Staff Q&A: Camille Durocher

Even though we turned the spotlight on the College of General Studies two weeks ago for our Staff Q & A with Kristine Billmyer, this issue we’re visiting that office again to talk with Camille Durocher. That’s because she and her CGS coworkers worked tirelessly over the Labor Day weekend to help 100 displaced college students from Tulane, Xavier and University of New Orleans enroll at Penn for the fall semester.

Many of those students had arrived in New Orleans just before Hurricane Katrina made landfall. After learning they could continue their studies at Penn, they phoned, faxed, emailed, and, in one case, text messaged transcripts to Durocher and other CGS staff. The office then crammed months of work into a few short days, in time to welcome those students on September 7.
Despite the long hours, Durocher says it was a terrific chance to bond with coworkers. Some brought in their kids over the holiday weekend. Durocher brought her eight-month-old Newfoundland, Cocoa (pictured above).

“I’m just really proud of the work that we did,” she says, “and proud that the University was able to rise up to the challenge and utilize all its resources to do something really good.”

Q. How did you help bring students displaced by Katrina here?

A. In the beginning I think it was mostly phone calls because we handle calls not only from our own students but also the displaced Tulane students that were calling in for information to find out what they could do. We tried to reassure people that we would be doing something to help them out.

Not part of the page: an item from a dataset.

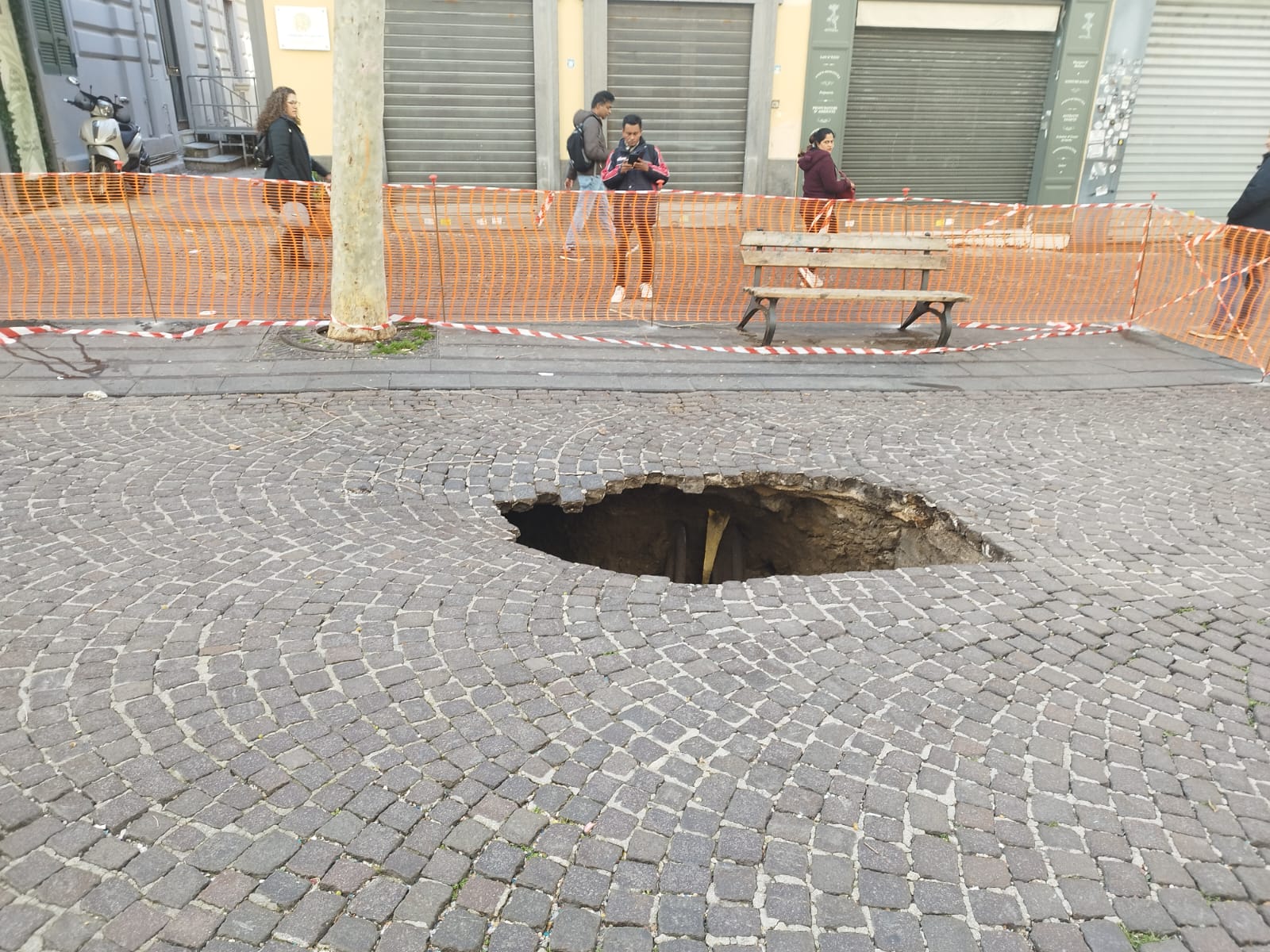 La voragine in via Scarlatti causata da una perdita della rete fognaria

Once people were able to get the application process in order, we started to handle the paper side of it, which was quite voluminous.

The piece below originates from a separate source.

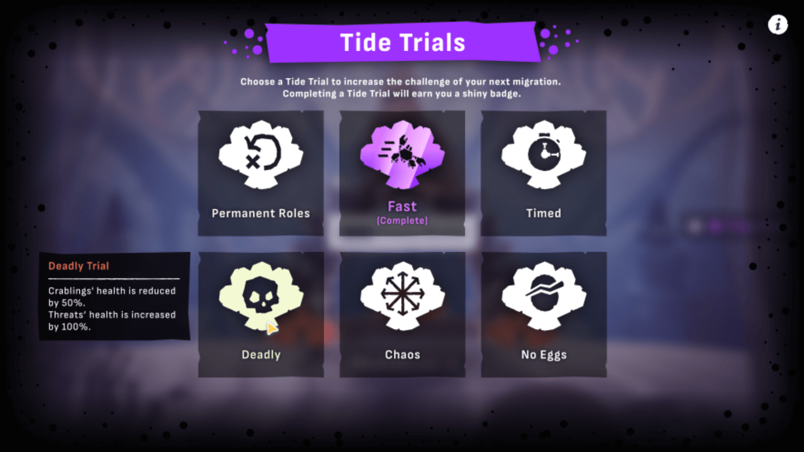 The first major update we introduced was Tide Trials, gameplay modifiers that add extra challenge or novelty to a migration. After completing your first migration, they can be activated on your next run. There are currently 6 new trials:

Q. What was involved with that?

A. They would fax us an application. They needed to have documented scores from standardized testing, self-reported grades, proof of enrollment. We’d get a piece here, a piece there and try to put it all together.

Q. When you talked to these students, were they scared or nervous?

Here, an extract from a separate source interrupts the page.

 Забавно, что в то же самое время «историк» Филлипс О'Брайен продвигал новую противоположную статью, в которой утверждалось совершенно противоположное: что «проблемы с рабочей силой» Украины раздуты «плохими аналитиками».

A. I think a lot of them were concerned about their academic careers. They were concerned about friends that were still there. They left their belongings. We had one student who wrote us a letter saying he left with three T-shirts in a duffel bag. The juniors and the seniors are probably more affected on an emotional level because they bonded to their university, they thought they belonged there, so definitely they were under more of the emotional duress. With the freshmen, it was more of a housing issue. The parents wondered how they would manage to get them here and settled in.… I think they were looking for security when they called, some kind of commitment, a sense that they were going be in a certain place this week taking classes.

Q. What was it like once you began getting all of the applications?

A. Some people put in cover sheets, some people typed, some people had illegible handwriting. I got emails, the phone rang, we had the parents on one line, the child on the other. One student was in a hotel with five other adults just outside New Orleans and he didn’t have access to a fax and the phone lines [were not working], but he had his cell phone.

We couldn’t call him, but he could text message us. We got his entire transcript—and he’s a junior—by text message and we filled it all out for him. We had another gentleman who was an ROTC person and he had no outgoing fax line and we took [his transcript] for him by hand. We put somebody on the phone with him and got him squared away. He was at the airport, trying to get on a plane to Philadelphia.

We had parents that had picked up their kids, drove all night, parked in front of our office and stumbled in here with their applications in hand. I have no idea how they managed to do it. We gave them some coffee and we made them feel better.

The rebuilding there will probably take many years, and a lot of these students said, ‘I would like to go back and do something at some point.’ The fact that we’ve given them an opportunity to continue with their studies means that they’ll be on track to go back and do the work that’s going to need to be done.

Q. Sounds like it was a challenge to keep students informed. How did you do it?

A. There was a hotline that was put on our website. We had people every two hours go in and take all the messages out and call back everyone to make sure what was going on. We were pretty meticulous about calling back and handling anything that came in that needed to be followed up … The parents had already been through the stress of knowing their kids were in an area that was hit by a natural disaster, so anything we could do to take some of the edge off—I know that it was appreciated.

Q. How did the CGS office not get overwhelmed?

A. We had a sense that it needed to be done and there was a timeline that we had to respect. It had to be done by the end of the weekend. We just had a really good time with it. You don’t realize how cool the people you work with are until you have to spend a weekend, locked in a conference room with them! We also got permission to bring our kids to the office and I brought my dog, Cocoa, my stress relaxation tool, and she drooled on everybody and that was a relaxing moment for everyone, I hope. I’d like to eventually train her to do therapy work, so it was great for her to be here because she met all kinds of people. They could all pet her and play with her and she just loved it.